By Omoh Gabriel, Business Editor with Agency report
LAGOS—RESCUED banks, Union, Oceanic, Intercontinental, Finbank, Afribank, Bank PHB, Equitorial Trust and Spring banks may be sold to local and foreign investors between September and October this year.

CBN Governor, Sanusi Lamido Sanusi, said in London, yesterday, that they may be sold to local and foreign banks as well as equity funds, which have indicated interest through the submission of bids.

According to Reuters’ report, the bids for the rescued banks will be opened in September or October 2010.
Sanusi was quoted as saying that he expected bids for the rescued banks by the end of July.  He said: “We expect the bids by the end of July from local banks, foreign banks and private equity firms. The bulk of them are local; there are four international banks. The results of the bids would be released by September or October.”
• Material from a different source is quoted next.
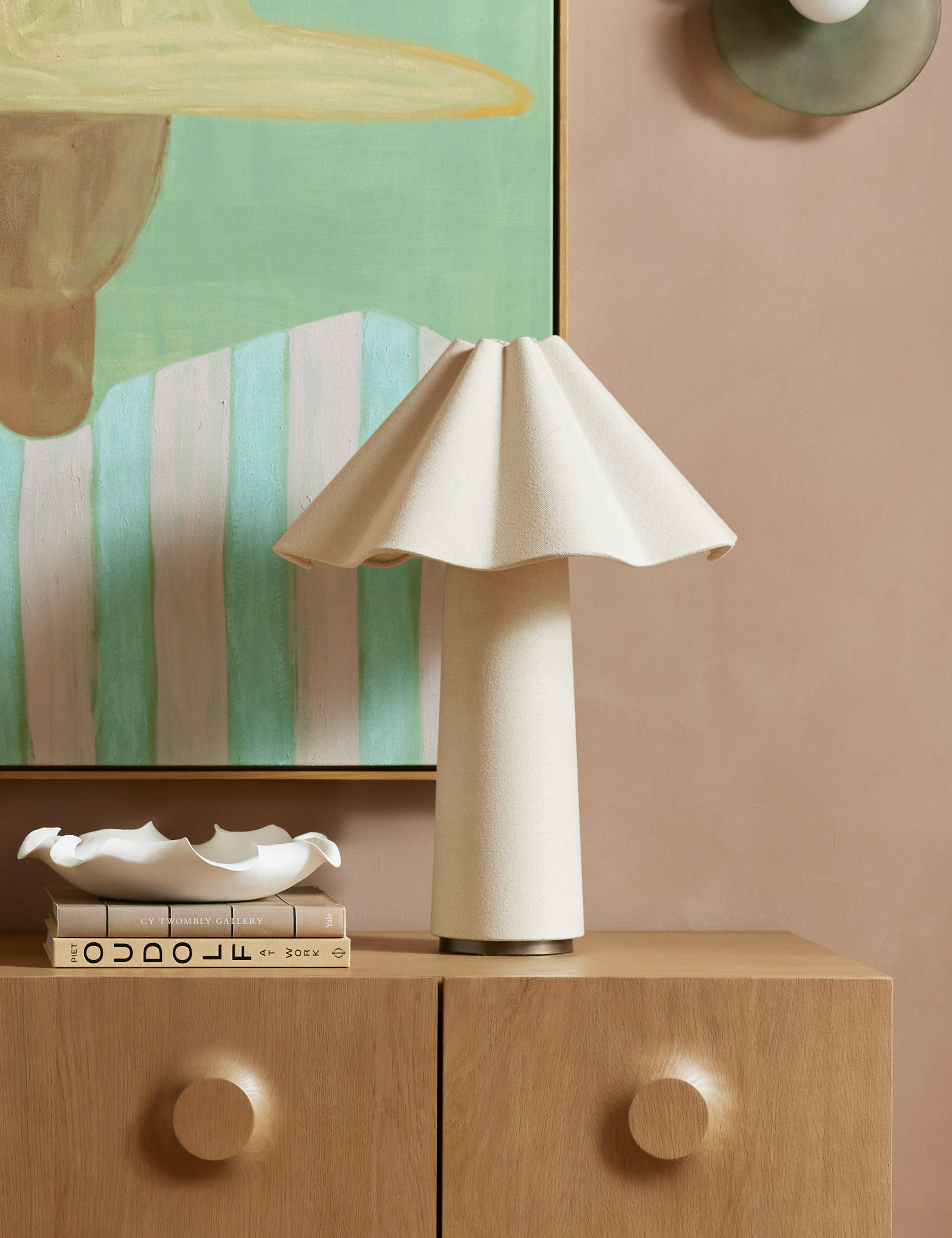 Lighting is part of the texture of your decor. With sculptural lines wrapped in fabric, this eye-catching lamp brings a grounding touch to the room. We love the dimension this table lamp brings to a modern curation.

The CBN governor said in the report that he saw no reason to raise interest rates, days before a monetary policy committee meeting, but that he was concerned about the risk of another asset bubble forming.

Sanusi also said that four international banks were among the likely bidders for the banks rescued last year in a N620 billion bail-out. The monetary policy rate has been held at six per cent for a year despite double-digit inflation as the Central Bank strives to stimulate growth in the wake of last year’s banking crisis. He told reporters on the sidelines of the conference: “We see no compelling reason to raise rates.”

The Central Bank’s monetary policy committee is due to meet on Monday. It warned in May that an expansionary budget and the soaking up of bad bank loans could pose inflationary risk later in the year.

Sanusi described headline inflation of around 11 percent in May as “relatively stable,” adding that he expected foreign investment in the country to rise as investors bet on rising oil prices, increased oil production, and improved regulation of the banking sector, but cautioned this could lead to another asset bubble building up.

He said: “My concern is we get this tremendous inflow from everyone who thinks markets are going to go back up. There is basically a high risk of money flowing to capital markets. How much of that is recovery and how much is a bubble being formed, that’s a concern.”

Last year’s banking crisis was largely the result of an asset bubble caused by banks lending heavily to stock market traders and oil distributors and then finding themselves dangerously undercapitalised when the markets turned against them.

Central Bank’s top priority has been to restore the health of the rescued banks by taking bad loans off their books and finding new investors to recapitalise them. The National Assembly last week approved legislation to create Asset Management Corporation of Nigeria, AMCON, a “bad bank” which will buy up non-performing loans in exchange for government bonds, but the bill needs final presidential approval.